After nine days in Children's NICU, Cammy had an MRI that showed a pattern of hypoxic-ischemic encephalopathy (HIE), or brain damage due to a shortage of oxygen. Although she didn't have full-blown bodily convulsions, her brain was wracked with damaging electrical activity.
Since both HIE and seizures affect each child uniquely, the extent of Cammy's neurologic damage was unknown. "We truly knew nothing about her future state at the time," Pamela remembers. "Would she have mental retardation? Would she need to be in a wheelchair forever? Would she be able to feed herself?"
The kind of non-visible seizure activity Cammy still suffers from can pose a major threat to both brain function and development. "Usually, by the time a child turns 3 or 4, it becomes much clearer what kind of problems she'll have long-term," says Janet Soul, MD, the neurologist who treated Cammy at Children's for six years. Developmental milestones can turn into stumbling blocks at that age, and Cammy showed significant delays with language, coordination and fine motor skills. Today, at age 7, she can speak only simple sentences, and it's unclear how well she understands what she's seeing and how much her memory is affected.

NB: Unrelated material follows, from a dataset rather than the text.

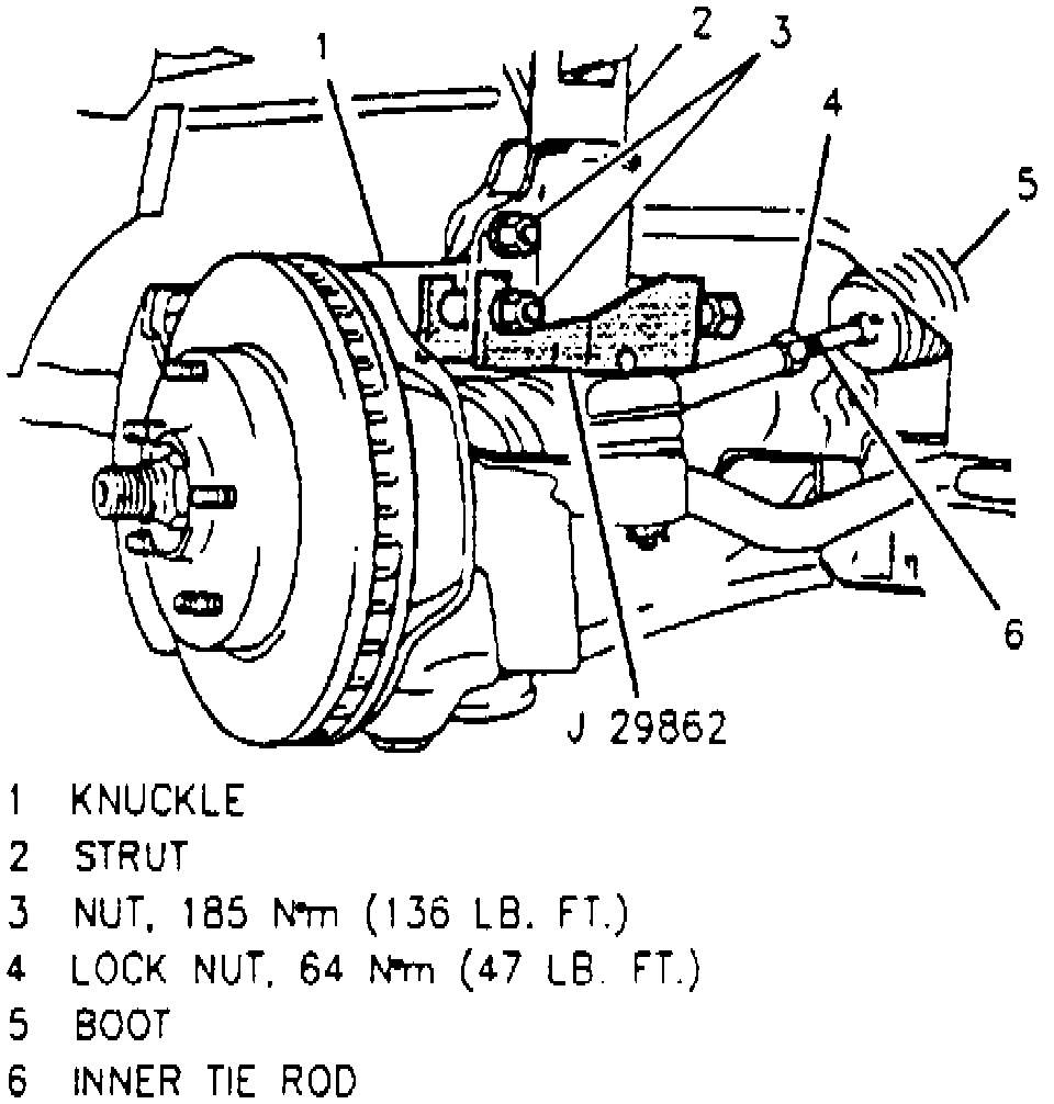 2. Torque strut to steering knuckle bolts to 136 ft. lbs.

Doctors aren't sure to what extent Cammy's irreversible cognitive impairments come from of the initial episode of asphyxia, but it's likely that her continued seizure activity has exacerbated her brain injury.
Frances Jensen, MD, of the Department of Neurology and Program in Neurobiology at Children's, is studying the long-term effects of these early seizures. "We're showing that shortly after certain kinds of seizures occur, changes in the brain networks begin to happen that in some cases can result in severe cognitive problems and learning deficits later in life," she says.
Ultimately, Jensen hopes to avoid the lifelong complications of severe newborn seizures—which can include mental retardation, cerebral palsy and autism—by halting them as early as possible—ideally in the first hours after birth.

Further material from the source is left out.